# Single or multiple ISBNs?



## LeeC (Jul 5, 2016)

Trying to wrap up a significant revised edition effort. 

The first time around I only submitted to Smashwords, and they assigned the same ISBN to all the ebook formats of my book. The problem I found in submitting only to Smashwords is that one can only submit .epub and .doc there**. Some of those other formats like .mobi and html5 I found to be lacking (to be polite). They of course use an automated conversion, and if one complains to their support team, one is told that there must be something wrong with the source, but it's not their role to look into what that might be.***

Anyway, this time around I'm creating all the different major ebook formats myself (.doc, .pdf, .epub, .mobi, .azw3, and html5), and will distribute the formats myself they could otherwise screw up. They do allow me to select only those distribution channels I approve of their using, so there won't be any overlap with my distributing to some channels (based on ensuring the outlet has an acceptable form of the book). 

Anyway, I looked into getting a necessary ISBN for the revised edition, and came across some internet "experts" saying I needed different ISBNs for each ebook format (as in .pdf and .epub being different formats). Researching such further I found conflicting information, where I could find relevant information at all. One internet "expert" speaking to the issue said there is no definitive answer yet. 
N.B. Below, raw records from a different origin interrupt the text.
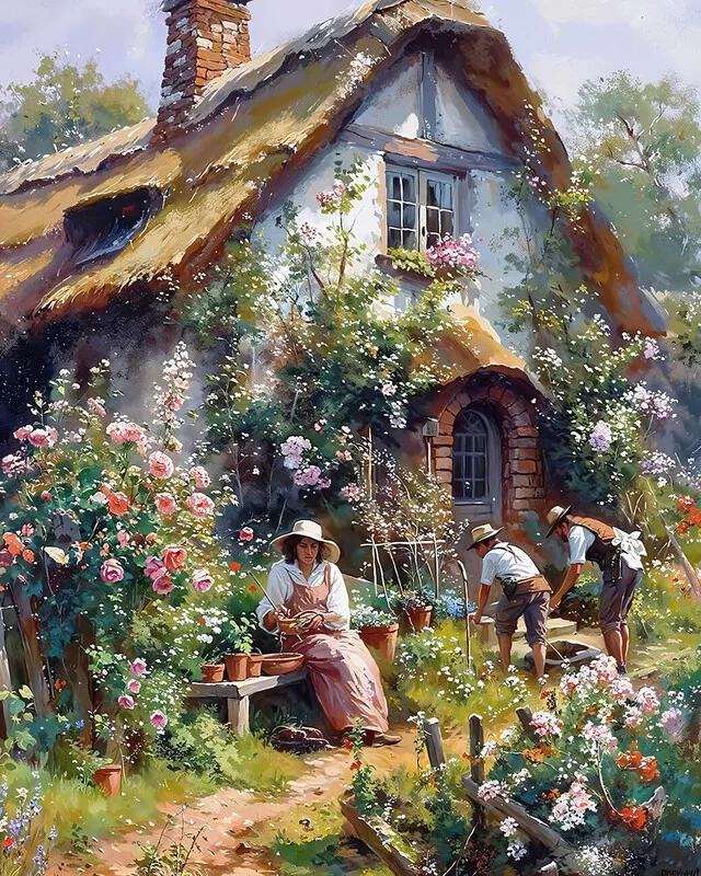 Sticker Farmers in Front of Their Traditional Countryside Homes
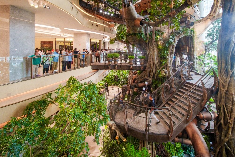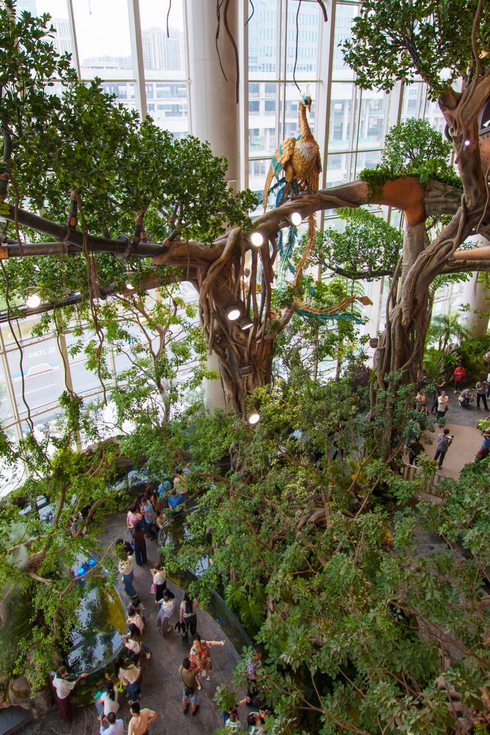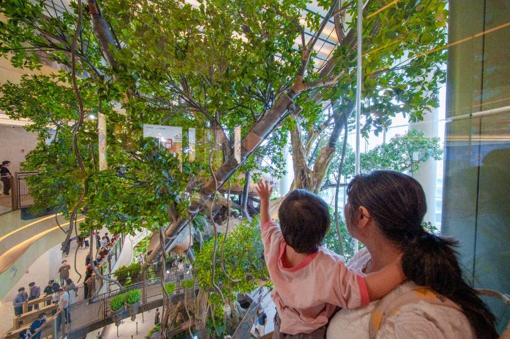 ▲9月26日,渝北区中央公园一商场,纵跨四层的森林景观吸引市民游客打卡拍照。记者 李雨恒 摄
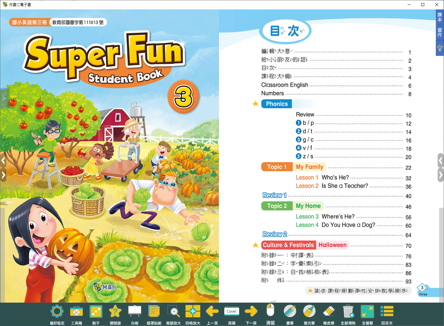 112學年上學期 國小 何嘉仁 英語電子書 Super Fun 第3冊(含課本、習作含解答)教學光碟
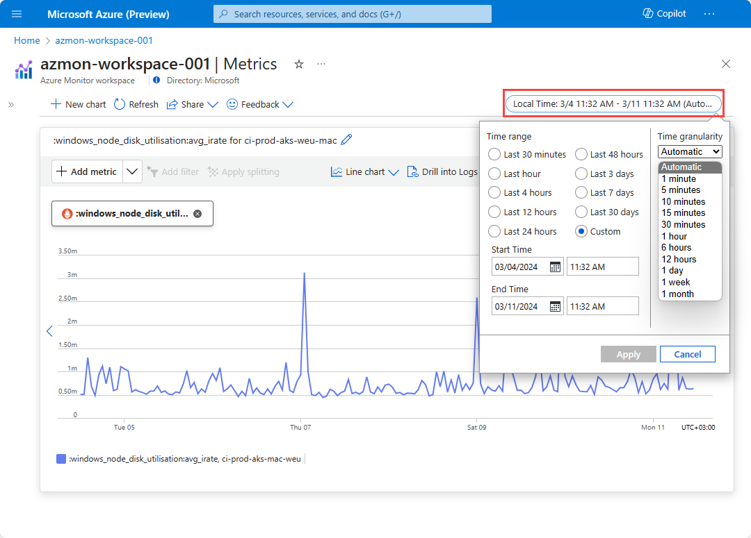 配置指标图表的时间范围和粒度,以查看与监视方案相关的数据。 默认情况下,图表显示最近 24 小时内的指标数据。
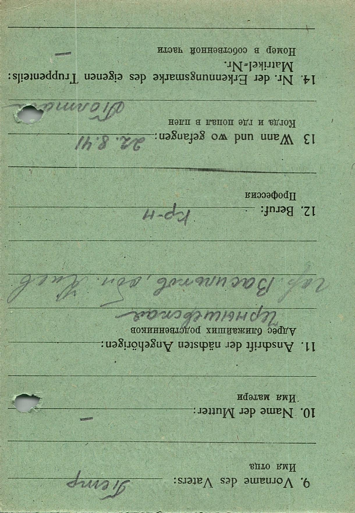 Военнопленные, трофейные карточки. Киевская обл.
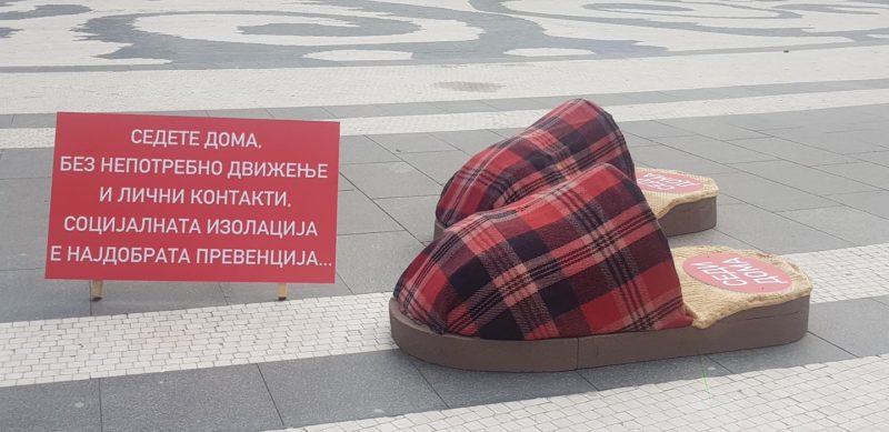 Големи собни влечки се поставени на плоштадот во Скопје со порака „Седете дома“.
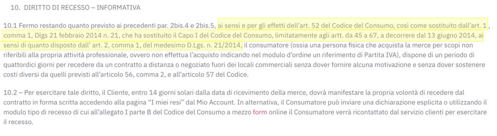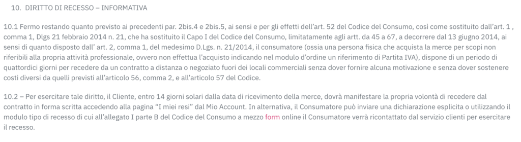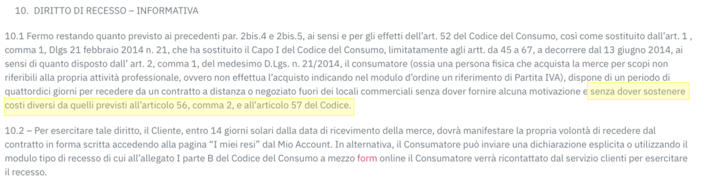 Il cliente, per capire quali siano i costi da sostenere per il reso, è costretto a leggersi per conto suo due (lunghi e complessi) articoli del codice del consumo.
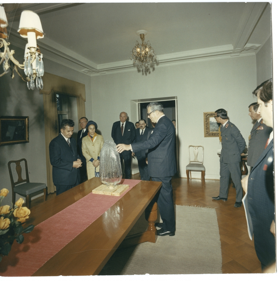 Rehbinder luovuttaa lahjan Nikolae Ceaucesculle ja Elena Caucesculle. Keskellä takana Borje Ahlström Ceauceskujen takana Ahlströmin lasiteoll. Johtaja Lauri K. J. Tukiainen.

So my question is, does anybody have a verifiable answer regarding different ISBNs for different formats of the same ebook, or baring that does anyone have first hand experience with the issue. At the moment my thinking is that if Smashwords can use the same ISBN for all ebook formats of the same book, then I can also. 


** They accept an author's .epub file, but need a .doc file to generate other formats they distribute. 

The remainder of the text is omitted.